Als Eierschwer an die Front geschickt wurde
Gleich als erstes stolperte der Archivar über einen Karton mit 30 bis 40 Kinderzeichnungen und Kinderbriefen, dazwischen immer wieder Brösel. Was tun Kinderbriefe in einem Gemeindearchiv, fragte sich Geus und recherierte. Es waren keine Kinder, die diese Briefe schrieben, sondern Gochsheim Frauen, die diese an diese im Zweiten Weltkrieg den Soldaten ihres Heimatortes an der Front schickten. Die Brösel konnte Renate Spiegel erklären. "Das war Eierschwer", erklärte sie, ein lange haltbares Gebäck, das damals viel an die Front geschickt worden sei.
Mahnung über 17 Billionen Reichsmark
Auch was Inflation bedeutet, fand Geus im Archiv. Er entdeckte eine Rechnung für eine Zeitschrift, die im Oktober 1922 fünf Reichsmark im Quartal gekostet hat. Im November 1923 kostete dieselbe Zeitschrift schon 451 Milliarden Reichsmark im Monat und die Gemeinde musste sie eigentlich per Nachnahme bezahlen, weil man ja nicht wusste, wie viel das Geld am kommenden Tag noch wert ist. Trotzdem hat die Gemeinde scheinbar nicht bezahlt, denn wenig später gab es ein Mahnschreiben, in dem bereits 17 Billionen Reichsmark gezahlt werden sollten. Die Gemeinde hatte Glück, inzwischen war die Währungsreform der Weimarer Republik durchgeführt und sie musste nur 1,20 Rentenmark zahlen.

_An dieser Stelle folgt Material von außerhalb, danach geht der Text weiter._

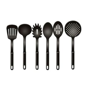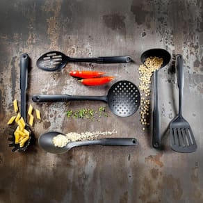 Kit Utensílios de Cozinha 5 Peças Cor: Preto Para um chef de verdade, utensílios de primeira Com este Kit 6 Utensílios de Cozinha, você terá em mãos as ferramentas perfeitas para dar asas à sua criatividade culinária. Chega de panelas arranhadas ou danificadas Esses utensílios feitos com plástico de alta resistência são seguros para panelas com revestimentos antiaderente e cerâmico, garantindo a durabilidade dos seus equipamentos de cozinha. Cada peça foi pensada para oferecer conforto e segurança no manuseio. Além de serem bonitas e modernas, as peças do kit são leves e ergonômicas, facilitando o preparo de seus pratos. Inove na cozinha com este kit completo O kit inclui: 1x Escumadeira 1x Espátula 1x Concha 1x Pegador de Macarrão 1x Colher de Arroz 1x Pegador de Saladas e Carnes Especificações Técnicas: Modelo: Kit 6 Utensílios de Cozinha Material: Plástico de alta resistência Temperatura Suportada: até 180 graus : 3 meses de contra defeitos de fabricação. Estamos confiantes na qualidade do nosso produto e queremos que você tenha a melhor experiência possível. Qual o material dos utensílios R: Os utensílios são feitos de plástico de alta resistência, seguro para panelas com revestimentos antiaderente e cerâmico. As peças podem ser utilizadas em qualquer tipo de panela R: Sim, as peças podem ser utilizadas em panelas com revestimentos antiaderente e cerâmico. Não recomendamos o uso em panelas de ferro ou aço carbono. O kit vem com quantas peças R: O kit vem com 6 peças: 1x Escumadeira, 1x Espátula, 1x Concha, 1x Pegador de Macarrão, 1x Colher de Arroz e 1x Pegador de Saladas e Carnes. Qual a do produto R: O produto tem de 3 meses contra defeitos de fabricação. Um verdadeiro chef merece ferramentas de qualidade Marca: Não Informado
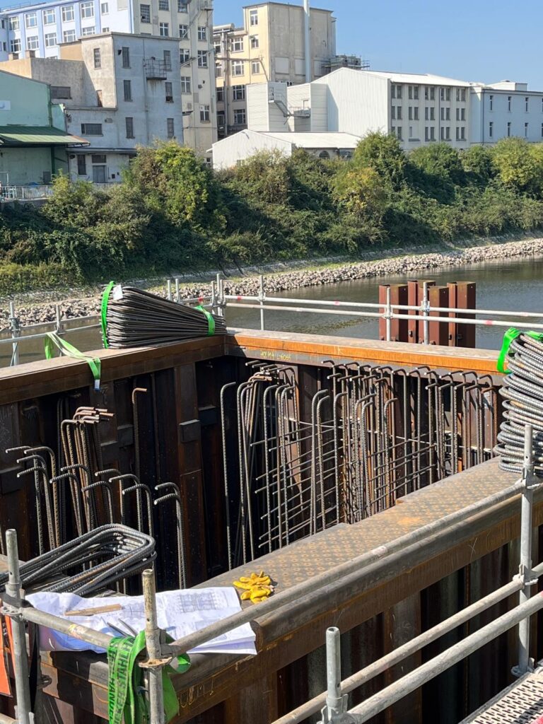 • Spundwandkasten mit Unterwasserbeton verfüllen
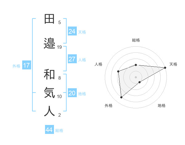 田邉 和気人さんを姓名の画数から五運を鑑定
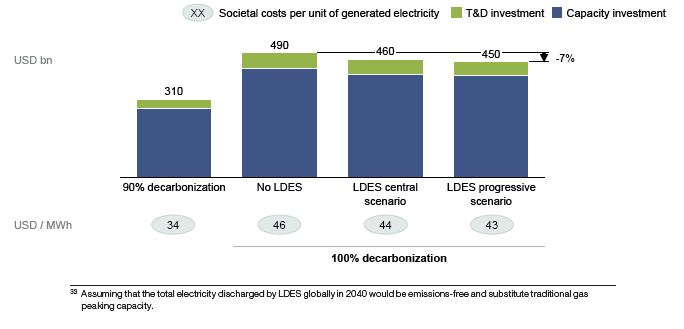最重要的是,這樣做而無(wú)需額外的社會(huì)成本。到2040年,僅在美國(guó)(如圖34所示),在100%的脫碳情景下,電力系統(tǒng)的總體成本每年可減少約350億美元,其中50億美元將來(lái)自于輸電和輸配電中的長(zhǎng)時(shí)儲(chǔ)能應(yīng)用擴(kuò)建項(xiàng)目。

Auch die Wahlergebnisse der ersten demokratischen Wahlen in der neuen Weimarer Republik von 1919 finden sich im Archiv. Gestutzt hat Geus erst einmal, als die Gemeinderatsprotokolle mit dem Januar 1933 plötzlich abrupt endeten. Aber ja mit der Machtergreifung der Nationalsozialisten endeten ja auch sämtliche föderalen Strukturen der Weimarer Republik. Das erste Gleichschaltungsgesetz vom März löste Landtage, Bürgerschaften, Kreistage und Gemeinderäte auf, also gab es auch keine Protokolle mehr.
Nach dem Zweiten Weltkrieg erinnerten sich die Gochsheimer wohl wieder an ihren Widerspruchsgeist, jedenfalls gibt es einen Beschwerdebrief an die Amerikaner, in dem Holz- und Nahrungslieferungen angemahnt worden, mit Erfolg, die Lieferungen kamen, wie die Unterlagen belegen. Das Gedächtnis der Gemeinde verrät doch auch einiges über deren Geschichte.
Was Geus jetzt besonders am Herzen liegt ist, dass dieses Archiv weitergeführt wird. Sein Aufruf geht deshalb an alle Vereine und Gruppen, regelmäßig ihre Berichte und Bilder im Archiv abzugeben, Manfred Deppert machte damit gleich den Anfang. Er brachte zur Einweihung des Archivs die Unterlagen des "Netzwerks", eines inzwischen aufgelösten Vereins, der sich einst um die Russlanddeutschen kümmerte, die in Gochsheim landeten. Bürgermeisterin Helga Fleischer dankte Geus für seine hervorragende Arbeit und hofft, dass er der Gemeinde noch lange erhalten bleibt.